'''

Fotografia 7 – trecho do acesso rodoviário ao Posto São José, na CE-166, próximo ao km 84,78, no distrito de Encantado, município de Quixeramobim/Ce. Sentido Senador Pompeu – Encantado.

'''
'''

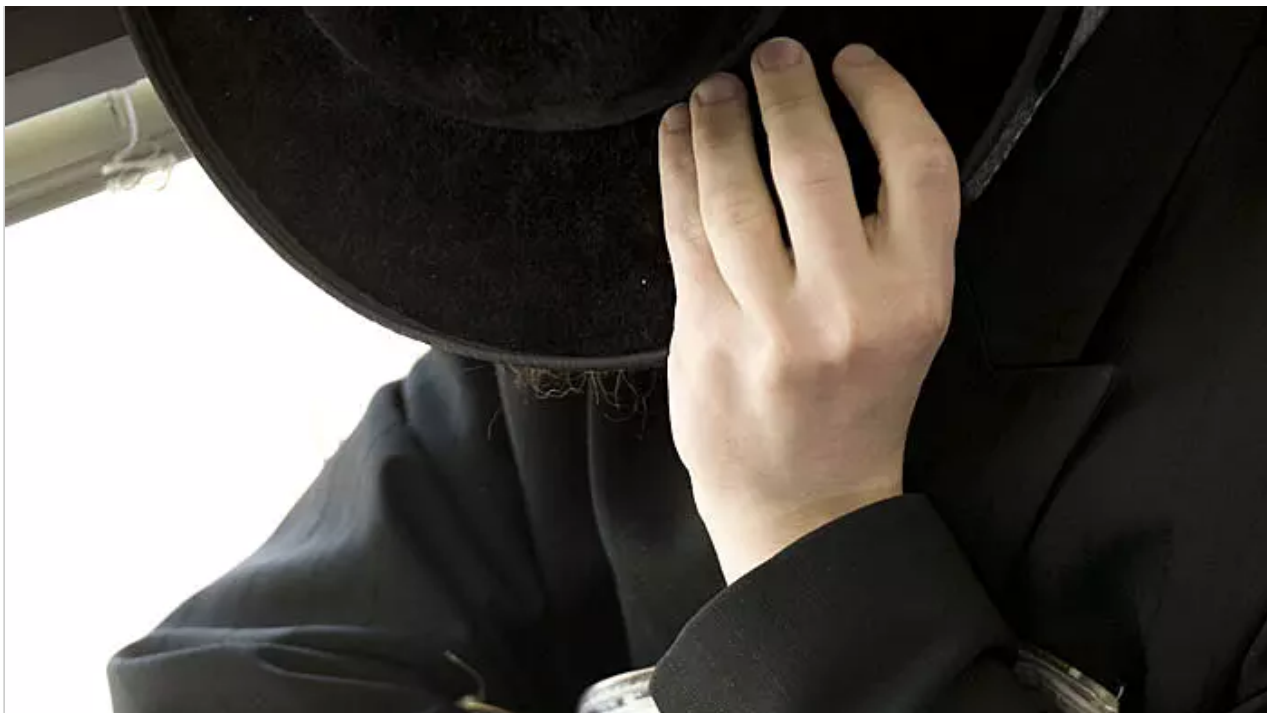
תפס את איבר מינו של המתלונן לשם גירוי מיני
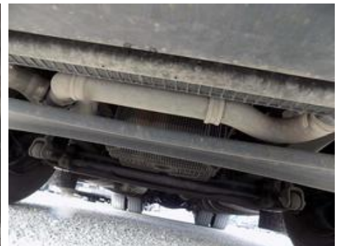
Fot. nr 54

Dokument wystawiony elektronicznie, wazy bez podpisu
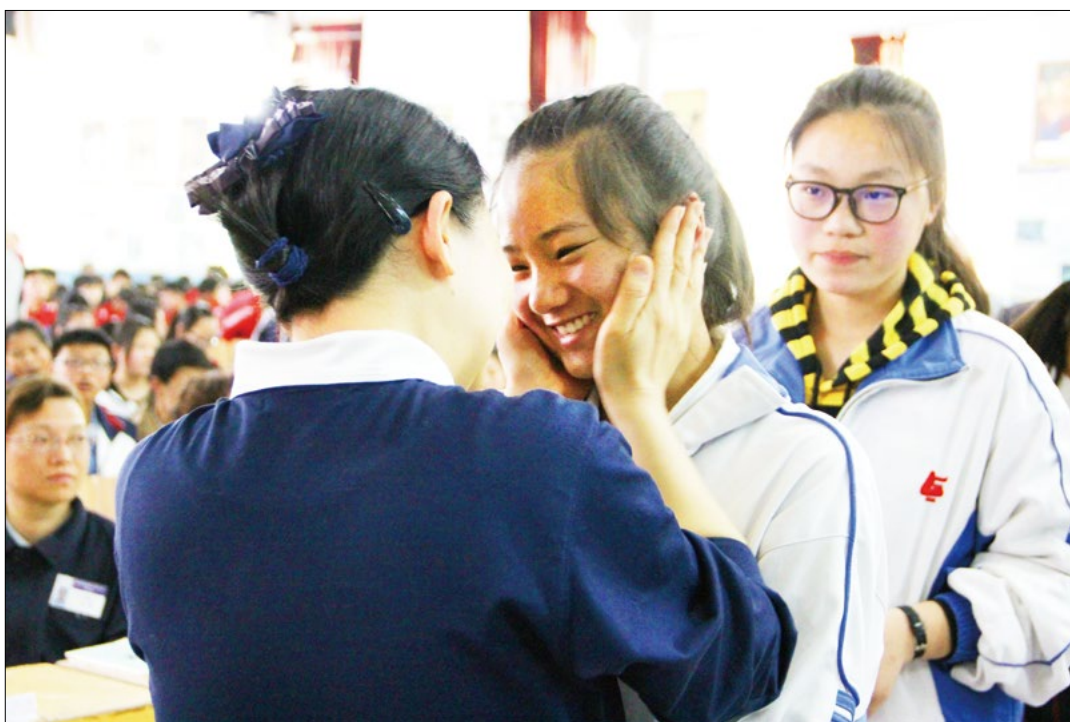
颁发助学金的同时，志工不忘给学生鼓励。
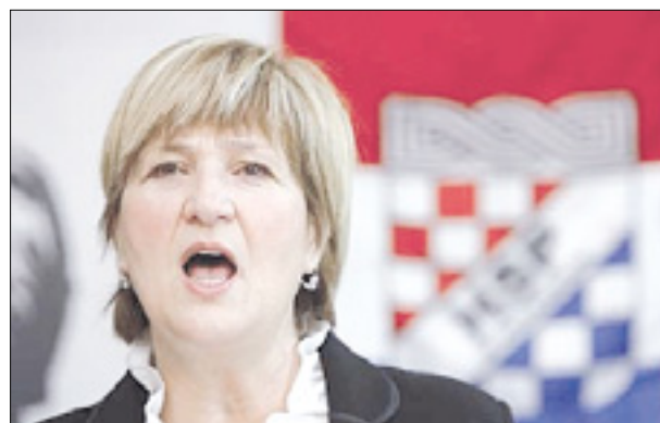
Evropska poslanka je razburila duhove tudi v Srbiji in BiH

'''

INSTRUCTIONS TO FOLLOW: The answer is those lines of the material above that run from the one containing "תפס את איבר מינו של המתלונן לשם גירוי מיני" up to and including the one containing "Evropska poslanka je", restated exactly and without images.

SOLUTION FOR THIS PROBLEM:
תפס את איבר מינו של המתלונן לשם גירוי מיני
Fot. nr 54

Dokument wystawiony elektronicznie, wazy bez podpisu
颁发助学金的同时，志工不忘给学生鼓励。
Evropska poslanka je razburila duhove tudi v Srbiji in BiH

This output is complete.